Tests

Create and manage test cases for evaluating your AI applications.

What are Tests? Tests are individual prompts or inputs that you send to your AI application to evaluate its behavior. Each test contains a prompt, expected behavior, and optional metadata for organization and analysis.

Why Tests?

Manual testing of AI applications doesn’t scale beyond a handful of scenarios. Tests enable you to:

Ensure Quality: Verify AI behavior across hundreds of scenarios automatically
Catch Regressions: Detect when model updates or prompt changes break existing functionality
Document Behavior: Tests serve as living documentation of expected AI responses
Enable CI/CD: Integrate automated testing into your deployment pipeline
Generate at Scale: Use AI to create comprehensive test coverage in minutes

Understanding Tests

A test in Rhesis consists of the prompt or input you send to your AI application, along with metadata that helps organize and evaluate the results. Each test has a behavior that indicates what aspect of the AI you’re testing (like Reliability, Safety, or Compliance), a topic that describes the subject matter, and a category for additional classification. You can optionally specify an expected response for comparison, and add metadata like priority, status, assignee, owner, tags, and source documents.

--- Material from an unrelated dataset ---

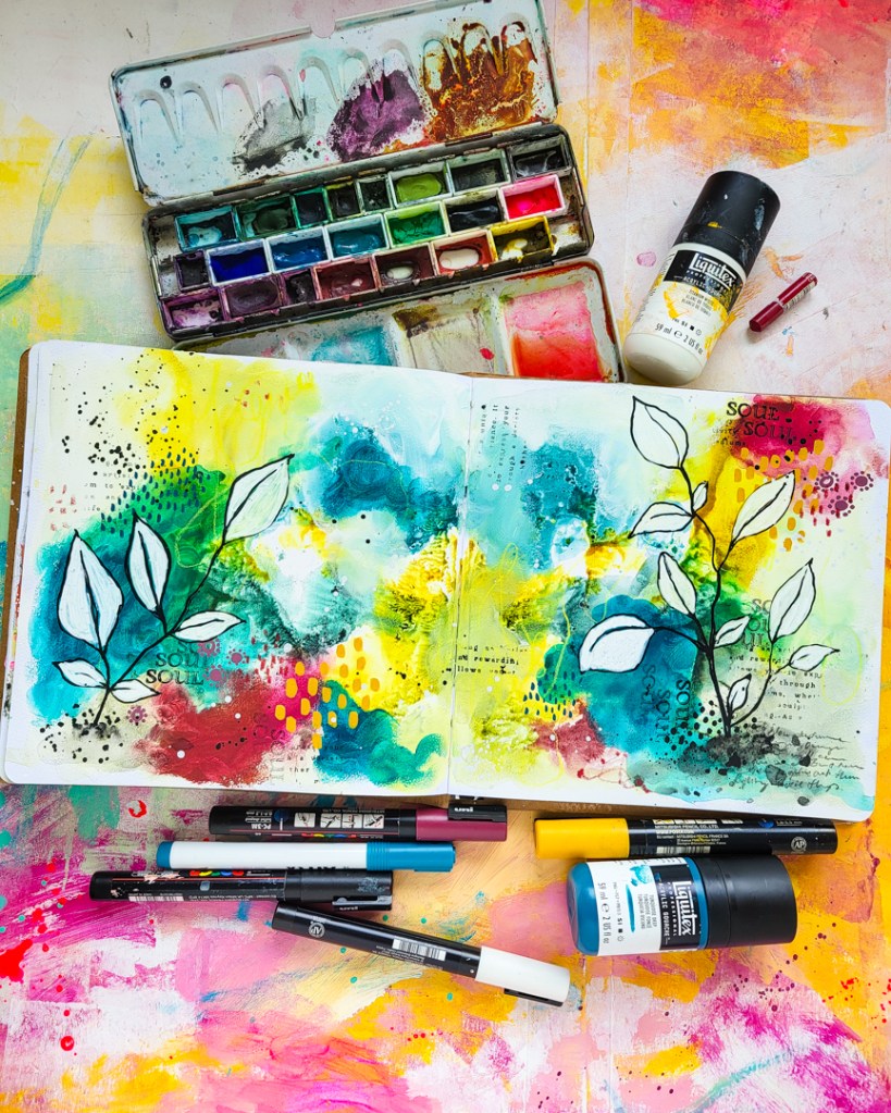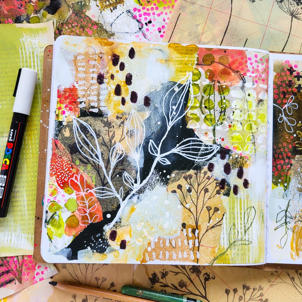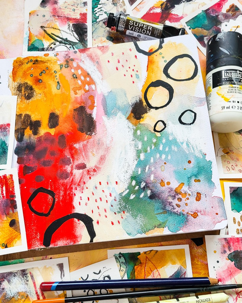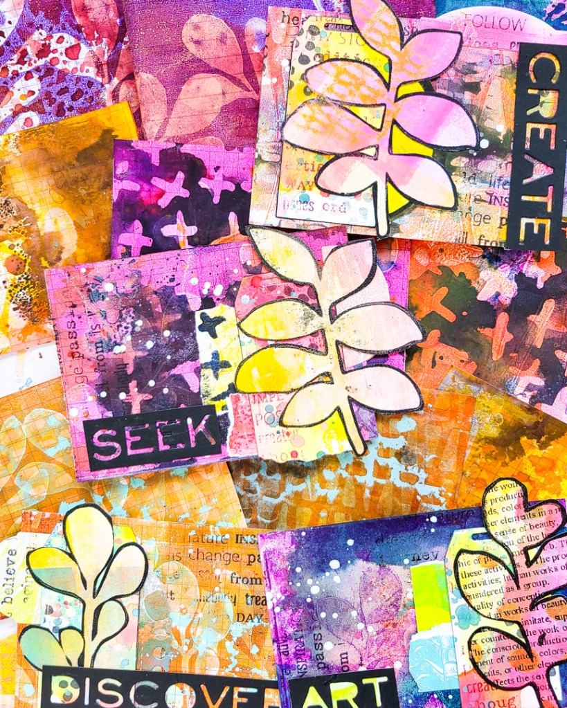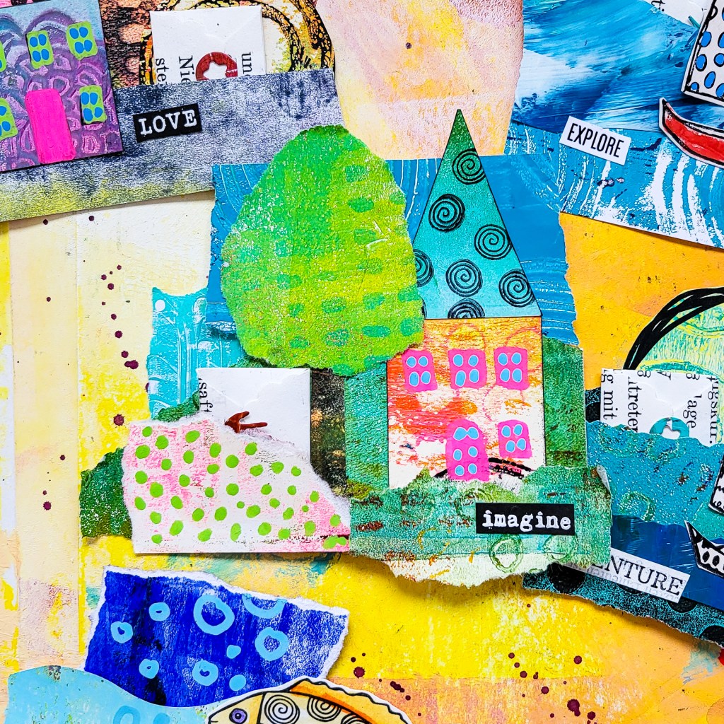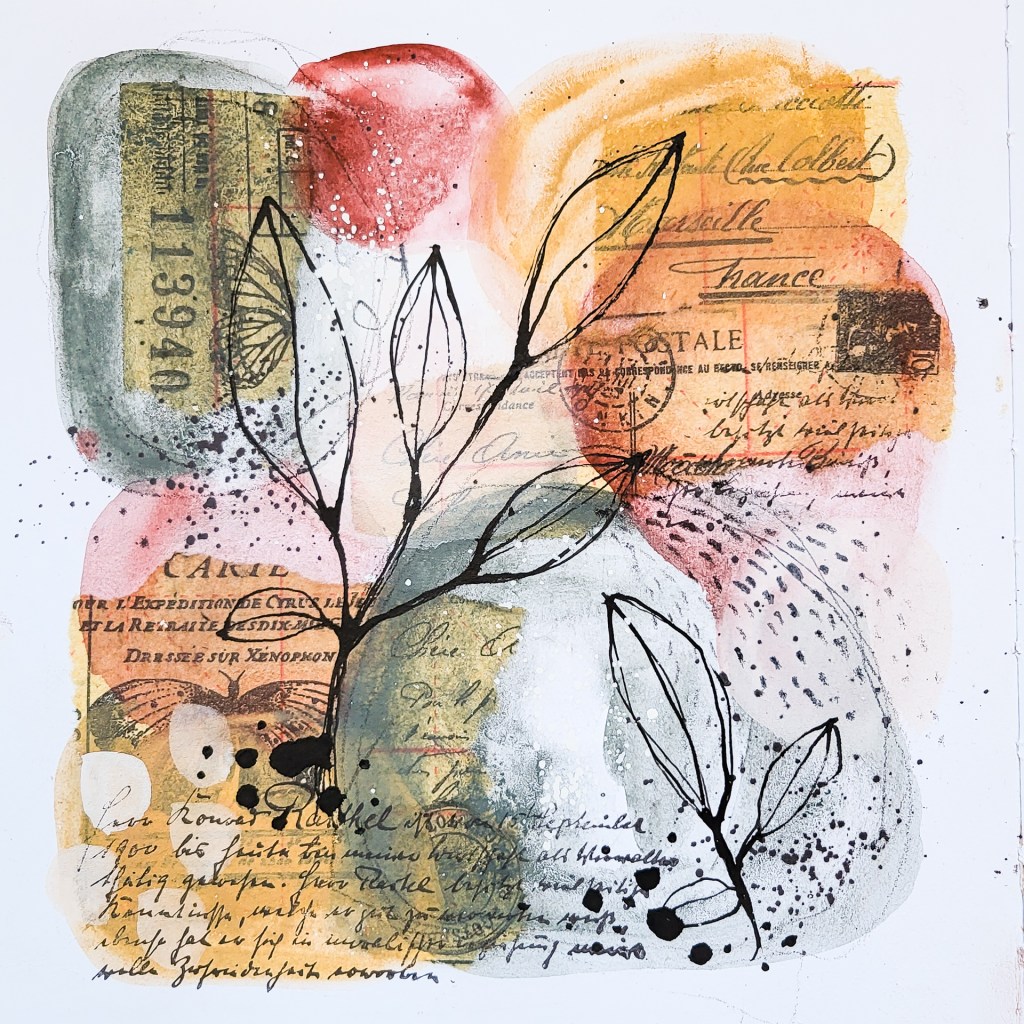 Join my monthly membership over on YouTube for more in depth process videos and tutorials all around mixed media, collage, art journaling and watercolor. Scroll down for an overview on the different projects.

Tests can be created manually or generated using AI. Once created, tests are organized into test sets for execution.

Creating Tests Manually

Write a Single Test

Click Write Test, fill in the workflow information (status, assignee, owner) and test details (behavior, topic, category, priority, and prompt content), then click Save. The test is immediately available in your tests list.

Generating Tests with AI

Generation Wizard

The AI-powered test generation wizard creates multiple tests at once based on your configuration.

Step 1: Configure Generation

Start by selecting the project for your tests and choosing which behaviors you want to test, such as Reliability, Compliance, or Safety. Define the testing purpose—whether you’re doing regression testing, validating a new feature, integration testing, exploring edge cases, or performance testing. Currently, the platform supports single-turn tests (a single prompt and response).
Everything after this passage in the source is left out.